13.6
6.Your good friend Bono has noticed that interest rates are currently low. He is considering refinancing his Irish Castle and he wants your advice. If you can save him some money, he might get you some tickets to U2’s show in Seattle. He currently has 20 years left (240 payments) on his 30 year mortgage. The rate on his existing mortgage is 9%, but current rates for 20 year mortgages are 6%. Bono’s original mortgage was for $1,500,000. Assume all rates are APRs, compounded monthly and use the above information to answer the following questions.
a. What are Bono’s current monthly payments? (the payments on the existing 30 year mortgage (taken out 10 years ago at 9% for $1,500,000) (5 pts)
PV=$1,500,000 r=.09/12, n=360, P3=?
\( \Large P3 = \frac{PV} { \left [ \frac{1}{r} - \frac{1}{r \left (1+r \right )^{n}} \right ] } = \frac{1{,}500{,}000} { \left [ \frac{1}{\frac{.09}{12}} - \frac{1}{\frac{.09}{12} \left (1+\frac{.09}{12} \right )^{360}} \right ] } = $12{,}069.34 \)
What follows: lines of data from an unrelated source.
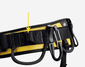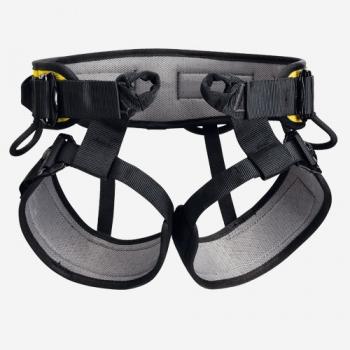 Seat harness, efficient for rope ascents Waistbelt and leg loops lined with breathable perforated foam for maximum comfort
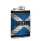 Flask features Scotland's national flag with a woven texture and black background.
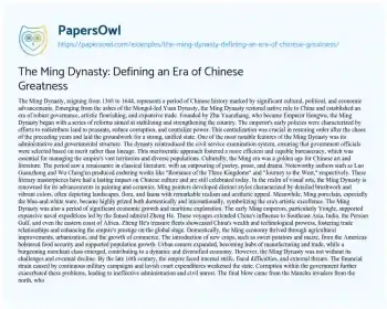The Ming Dynasty: Defining an Era of Chinese Greatness. (2024, May 28). Retrieved from https://hub.papersowl.com/examples/the-ming-dynasty-defining-an-era-of-chinese-greatness/

b. If Bono wants to pay off the existing mortgage today, how much cash would he need? Assume that he made his 120th monthly payment today. HINT: What is the PV of the remaining payments on the old mortgage at the old interest rate? If you didn’t get (a), assume his payments are $8000/month. (5 pts)
P3=$12069.34, r=.09/12, n=240, PV=?
\( \Large PV = P3 \left [ \frac{1}{r} - \frac{1}{r \left(1+r \right )^{n} } \right ] = 12069.34 \left [ \frac{1}{\frac{.09}{12}} - \frac{1}{\frac{.09}{12} \left(1+\frac{.09}{12} \right )^{240} } \right ] = 1{,}341{,}446.24 \).
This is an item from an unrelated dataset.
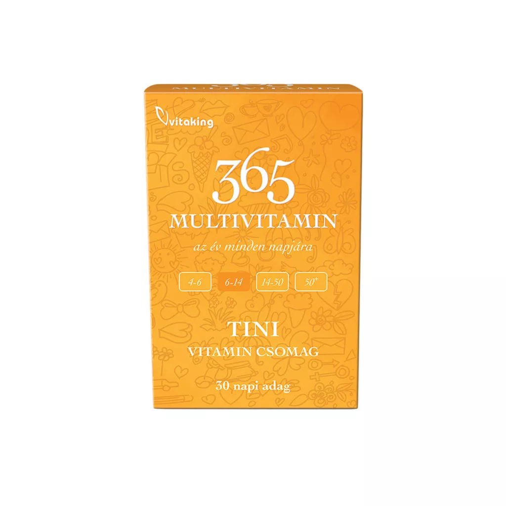 Minőségét megőrzi: 2026-06-14 A Multi Profi Tini vitamincsomag mostantól 365 Multivitamin Tini néven érhető el, új külsővel és megújult összetétellel.A tinédzserkor a növekedés, a fejlődés és a folyamatos kihívások időszaka. A 365 Multivitamin Tini csomag összetevői segítenek gondoskodni arról, hogy a fiatalok minden szükséges vitamint, ásványi anyagot és egyéb tápanyagot megkapjanak ahhoz, hogy a legjobb formájukat hozzák az év 365 napján.A modern életvitel, az iskolai terhelés, a sport és a szociális élet mind komoly energiát igényel a fejlődő szervezettől. Éppen ezért ebben a multivitamin csomagban kiemelten fontos tápanyagokat válogattunk össze, amelyek hozzájárulnak a normál energiatermelő anyagcsere folyamatokhoz, az idegrendszer megfelelő működéséhez, valamint a csontok és az izmok egészségéhez.Vitaminok és ásványi anyagok könnyen fogyasztható kis tablettákban.Finom, eper ízű D3 vitamin 2000NE (hozzáadott cukor nélkül, sztíviával édesítve).Kis méretű Omega-3 gélkapszula, magas EPA és DHA tartalommal.Tőzegáfonya koncentrátum 504mg.Hatóanyag/1 csomag:A-vitamin 5000NE - 1500 μgRE; B1-vitaminm4,5 mg; B2- vitamin 5,1 mg; Niacin (Nikotinamid) 20 mg; Pantoténsav 10 mg; B6-vitamin 6 mg; Biotin 45 μg; Folsav 400 μg; B12-vitamin 18 μg; C-vitamin 370 mg; D3-vitamin 3000NE - 75 μg; E-vitamin 45NE - 30,12 mgTE; K1-vitamin 30 μg; Cink 7,5 mg; Jód 150 μg; Kalcium 126 mg; Króm (Króm(III)- pikolinát) 20 μg; Magnézium (110,46 mg magnézium-oxidból) 63 mg; Mangán 2 mg; Molibdén 20 μg; Réz 0,99 mg; Szelén 15 μg; Vas 9 mg; Citrus bioflavonoid 50 mg; Inozitol 50 μg; Kolin 50 μg; Halolaj koncentrátum, amelyből 500 mg, DHA 150 mg, EPA 100 mg; Tőzegáfonya (gyümölcs) 25:1 kivonat (Vaccinium macrocarpon) (megfelel 4200 mg friss tőzegáfonyának) 168 mgÖsszetevők: Étrend-kiegészítő vitaminokkal és ásványi anyagokkal fiataloknak: emulgeálószerek (mikrokristályos cellulóz, térhálós nátrium-karboxi-metil-cellulóz, trikalcium-foszfát, nátrium-karboxi-metil-cellulóz), dikalcium-foszfát, L-aszkorbinsav, magnézium-oxid, D-alfa-tokoferilacetát, stabilizátor: hidroxi-propil-metil-cellulóz, citrus bioflavonoid, vas(II)-fumarát, tömegnövelő szerek (maltodextrin, kukoricakeményítő), csomósodást gátló anyagok (szilícium-dioxid, zsírsavak magnéziumsói), retinil-acetát, nikotinamid, kalcium-D-pantotenát, kolekalciferol, cink-oxid, fényező anyag: polivinil-alkohol, piridoxinhidroklorid, tiamin-mononitrát, mangán-szulfáriboflavin, nátrium-molibdát, nátrium-szelenit, réz(II)-oxid, fillokinon, folsav, káliumjodid, antioxidáns: borkősav, króm(III)-pikolinát, kolinbitartarát, D-biotin, inozitol, cianokobalamin Étrend-kiegészítő 500 mg halolaj omega-3 zsírsavval: halolaj, zselatin kapszulahéj, nedvesítőszer: glicerin, tisztított víz, természetes citrom olaj, antioxidáns: DL-alfa-tokoferil-acetát Étrend-kiegészítő Tőzegáfonya: tőzegáfonya (Vaccinium Macrocarpon) (gyümölcs) 25:1 kivonat, hordozó: mikrokristályos cellulóz, pullulán kapszulahéj, L-aszkorbinsav, emulgeálószerek (MCT olaj, zsírsavak) Étrend-kiegészítő D3-vitamin 2000NE eper ízű szopogató tabletta: tömegnövelő szerek (izomalt, szárított eperlé), kolekalciferol, csomósodást gátló anyag: zsírsavak, savanyúságot szabályozó anyag: almasav, színezék: szárított céklalé por, természetes eper aroma, édesítőszer: szteviol-glikozidAdagolás: napi 1 csomagFigyelmeztetés: A doboz gyermekek elől gondosan elzárva, száraz hűvös helyen sugárzó hőtől és fénytől védve tartandó!Egyéb allergén információ: Nem került felhasználásra

c. If Bono decides to refinance at current rates with a 20 year mortgage for the remaining balance on his old mortgage , will his payments be higher or lower? You do not need to do any calculations for this, just tell me which direction the payments will go and why you think that. (4 pts)
His payments will be lower. His payments are a combination of interest and principal repayment. While he will still have the $1,341,446 principal to repay, his interest will be less due to the lower interest rates charged for loaning money.
d. Let’s say he keeps his old mortgage. Under the current interest rate, should the present value of all of his future payments be more or less than the payoff to his loan (from part b)? Why? Again, no calculations are necessary. (4 pts)
Under the current interest rate (6%), the present value of the stream of 240 payments of $12,069.34 will be more than the payoff to his loan ($1,314,446). The intuition is the same as for bond prices and interest rates. Because interest rates are lower, you would have to put more in the bank today to produce the same stream of future cash flows. Note that since he can eliminate the loan by paying it off and the value of the loan (the PV of his future payments) is higher than the payoff, it is a good idea to pay it off and refinance. This confirms part (c), where we found that he could lower his payments by refinancing.